While BLAST does allow for searching sequences with degenerate codes or wildcards, there are certain drawbacks associated with using the conventional search method. These drawbacks include:
- Difficulty in finding target sequences: The Blast Algorithm assigns a negative score to degenerate codes during the search process. As a result, sequences containing multiple instances of ambiguous codes, such as "X," may not be retrieved, leading to challenges in locating the desired target sequence.
-
Inability to obtain accurate sequence similarity: BLAST considers degenerate codes as mismatches, which can result in an underestimation of sequence similarity. Even if there are 100% matches between sequences, the reported similarity may be significantly lower than expected due to this treatment of degenerate codes.
-
Vulnerability to filtering based on sequence identity parameters: Once the searched target sequence is sorted, it becomes susceptible to being filtered out based on sequence identity parameters or other criteria. This can potentially lead to the exclusion of relevant sequences that meet the search criteria but do not meet the specific filtering thresholds.
As a result, users can miss key sequence information when performing FTO or novelty searches leading to lost opportunities and unnecessary risk-taking.

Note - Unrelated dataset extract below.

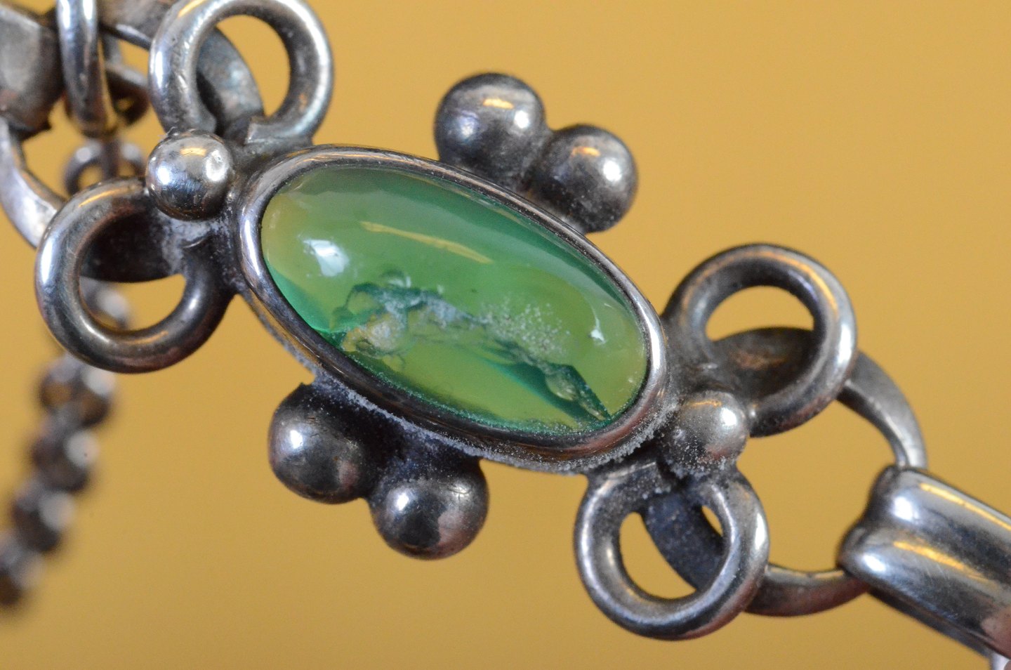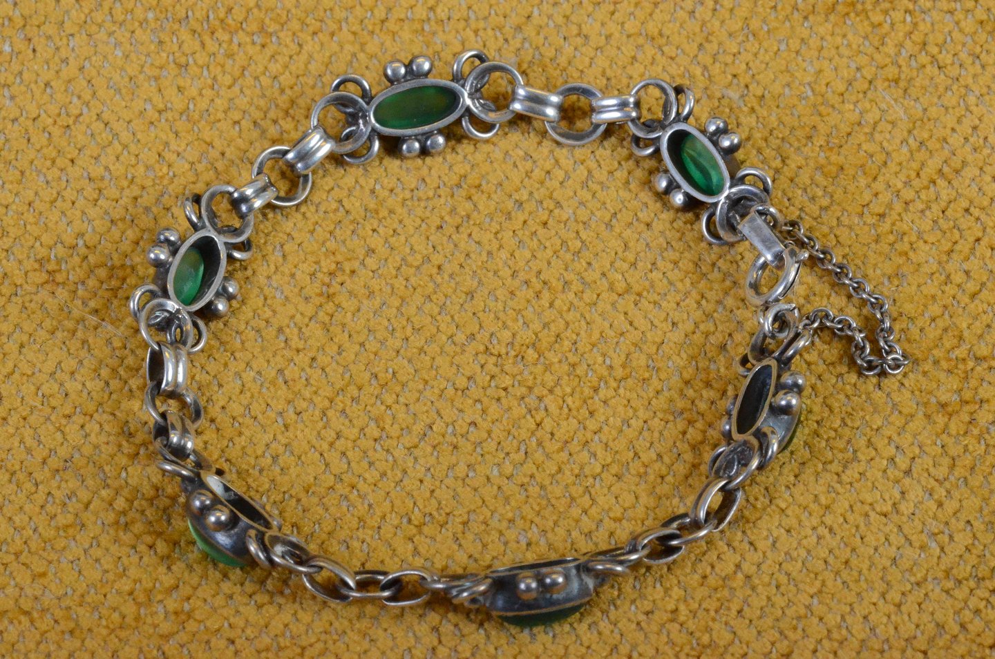 Armbånd skønvirke i sølv dekoreret med grøn flusser. Str.: 17 cm. Art No. 40

These limitations highlight the need for alternative approaches or specialized tools that can address the challenges associated with degenerate codes and provide more accurate and comprehensive search results.
Solution
The innovative 'Degenerate' search incorporates advanced data processing techniques and exclusive search algorithms that empower users to effectively search for and identify sequences with variability.

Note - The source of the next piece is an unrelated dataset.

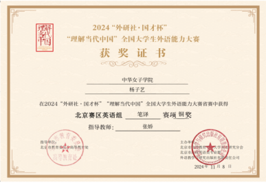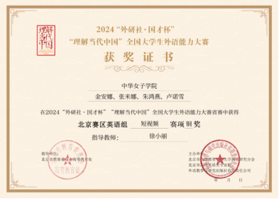 喜讯:女院师生在2024“外研社·国才杯”“理解当代中国”全国大学生外语能力大赛中斩获佳绩

Additionally, the results view has undergone optimization to facilitate the identification of degenerate sequences. A user-friendly table view aligns the general degenerate characters (e.g., X) with their corresponding actual residues (e.g., A, P, etc.) at the respective positions, ensuring easy interpretation and analysis.
The extensive database supporting this search type comprises a staggering 45 million degenerate sequences, carefully curated from patent sequence listing files. With this vast collection, users gain access to over a trillion possible sequences, enabling them to conduct comprehensive Freedom to Operate (FTO) or novelty searches with unmatched depth and breadth.
Limitation with V1
When n/X represents any replacement and if the proportion of these n/X instances in the hit result exceeds 50%, our degenerate search will be unable to retrieve those specific results. To illustrate this, let's consider the example of EP2603596B1 (SEQ ID. 127):
Search Query: IPAAAAGAYLARAEQQQQH
Expected Result: XPXXXXGXYXXRXXXXXXX
The sequence has a total length of 19 amino acids. Among these, 4 instances of X, for example, have replacement information, such as X = V, I, L, M. On the other hand, 11 instances of X represent the potential substitution of any amino acid, encompassing the possibilities of [A, C, D, E, F, G, H, I, K, L, M, N, P, Q, R, S, T, V, W, Y].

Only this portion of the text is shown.